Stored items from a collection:
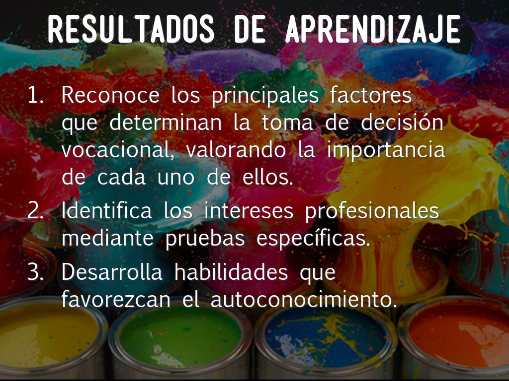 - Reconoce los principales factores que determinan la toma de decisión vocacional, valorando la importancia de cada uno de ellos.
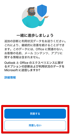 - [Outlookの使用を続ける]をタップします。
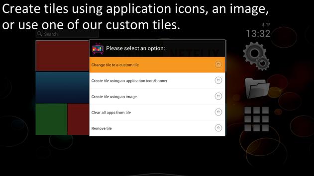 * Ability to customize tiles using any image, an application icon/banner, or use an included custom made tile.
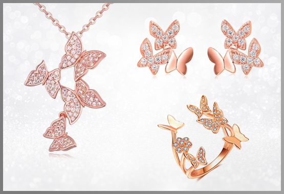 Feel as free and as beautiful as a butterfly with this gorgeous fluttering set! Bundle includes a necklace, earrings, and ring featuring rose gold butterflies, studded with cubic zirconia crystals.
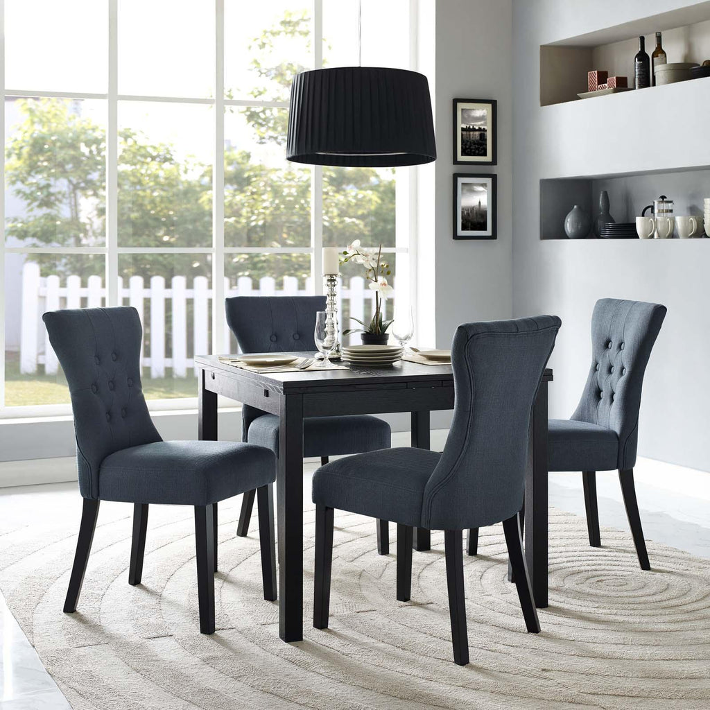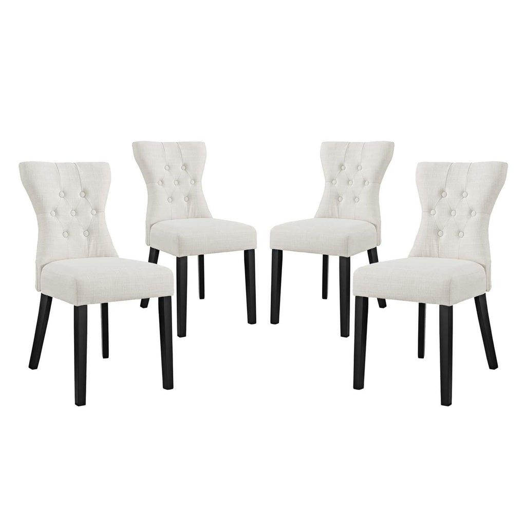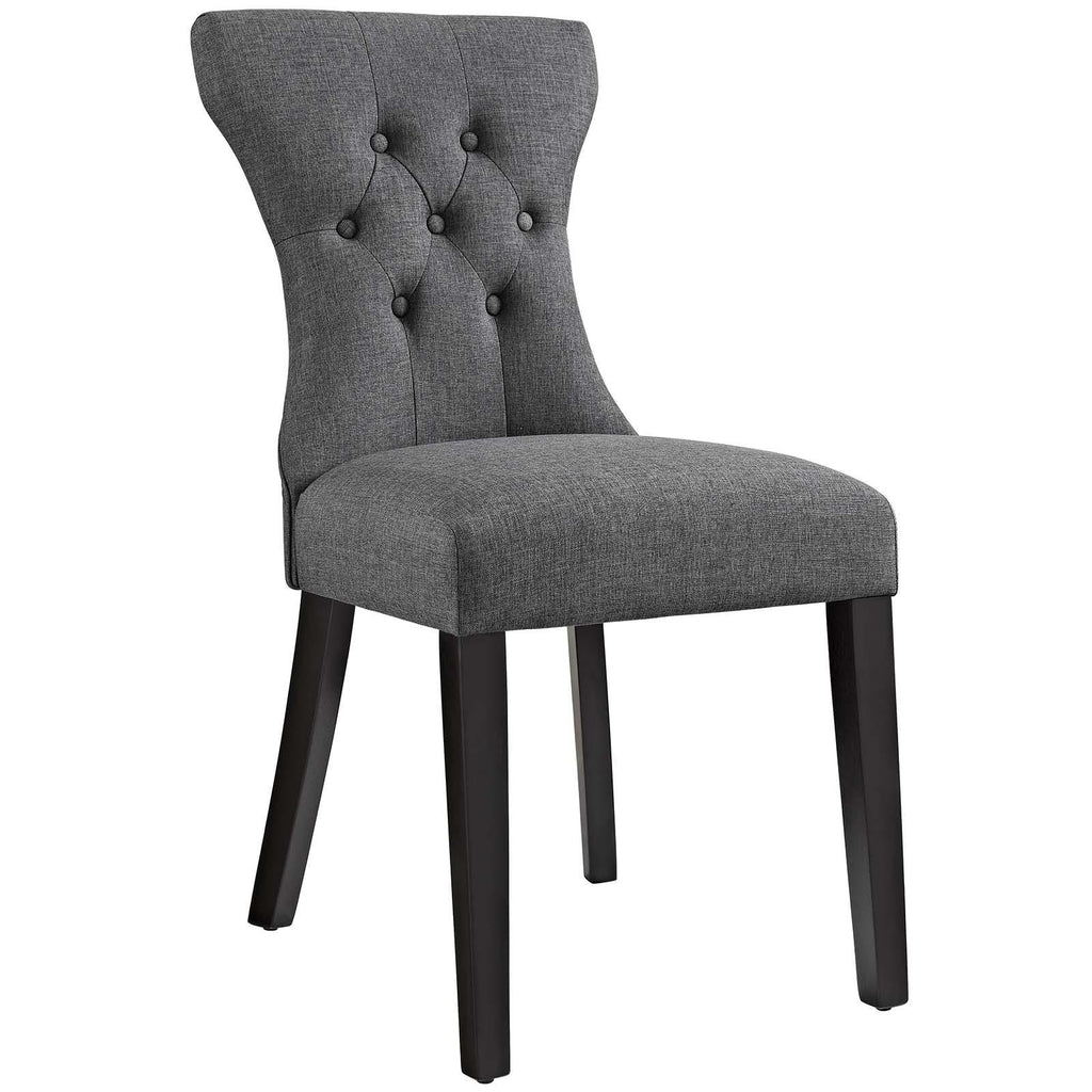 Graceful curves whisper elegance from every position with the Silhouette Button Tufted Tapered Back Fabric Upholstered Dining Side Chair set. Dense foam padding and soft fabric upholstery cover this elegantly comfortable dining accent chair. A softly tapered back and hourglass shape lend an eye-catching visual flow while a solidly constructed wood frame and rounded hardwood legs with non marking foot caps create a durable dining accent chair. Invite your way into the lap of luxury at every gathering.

== Exercise requirements ==
From the line that contains "custom made tile." to the last line of the records above, copy each line exactly, both ends included, and leave the pictures out.

== Answer box ==
 * Ability to customize tiles using any image, an application icon/banner, or use an included custom made tile.
 Feel as free and as beautiful as a butterfly with this gorgeous fluttering set! Bundle includes a necklace, earrings, and ring featuring rose gold butterflies, studded with cubic zirconia crystals.
 Graceful curves whisper elegance from every position with the Silhouette Button Tufted Tapered Back Fabric Upholstered Dining Side Chair set. Dense foam padding and soft fabric upholstery cover this elegantly comfortable dining accent chair. A softly tapered back and hourglass shape lend an eye-catching visual flow while a solidly constructed wood frame and rounded hardwood legs with non marking foot caps create a durable dining accent chair. Invite your way into the lap of luxury at every gathering.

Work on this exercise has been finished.